The promise of the API looks attractive at first. Google says:
The University Research Program for Google Search is designed to give university faculty and their research teams high-volume programmatic access to Google Search.However, the limits on how the API can be used may be a problem. From the documentation:
Our aim is to help bootstrap web research ... [Using] Google's search technology, you'll no longer have to operate your own crawl and indexing systems.
Requests to the service MUST be throttled ... A time period of at least one second must be allowed between requests.This makes some interesting types of research impossible using this API, anything that would need to fire off multiple queries quickly.

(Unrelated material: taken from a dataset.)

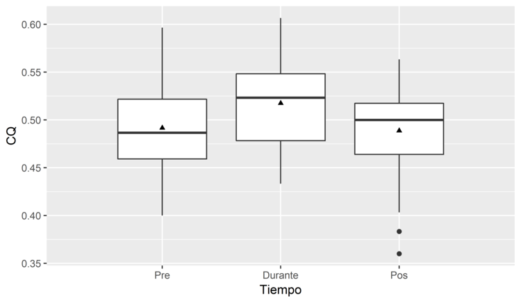 El promedio del CQ en los tres momentos de medición para cada uno de los ejercicios ejecutados se presenta en la Tabla 1. Adicionalmente, las Figuras 1 y 2 muestran la distribución del CQ en los tres momentos de medición y según cada ejercicio estudiado.

For example, let's say I am working on a technique for query expansion, so I want results not only for the search given, but also for tens of other related searchers, which I will then combine. With a one second delay between queries, my research prototype will take tens of seconds to respond, making it no longer interactive.
Nor can I try out some natural language analysis for question answering where I first get the results for the search given, then look at the results, then fire off dozens of additional queries to learn more about what I found in those results.
I cannot even do something that attempts to use conditional probabilities of finding two words together versus finding them apart on the Web as part of the analysis, since each of those requires two queries to the search engine and many of them might be required.
It is good that Google is making tools available to researchers, but they may have to go further than a throttled search API. As is, many researchers trying to work at large scale still will have to build their own crawls and indexes.
By the way, it is not entirely fair to pick on Google's search API here. Other search APIs -- including the Yahoo Search API, the Microsoft Live Search API, and the Alexa Web Search Platform -- either have a fee or similar throttling.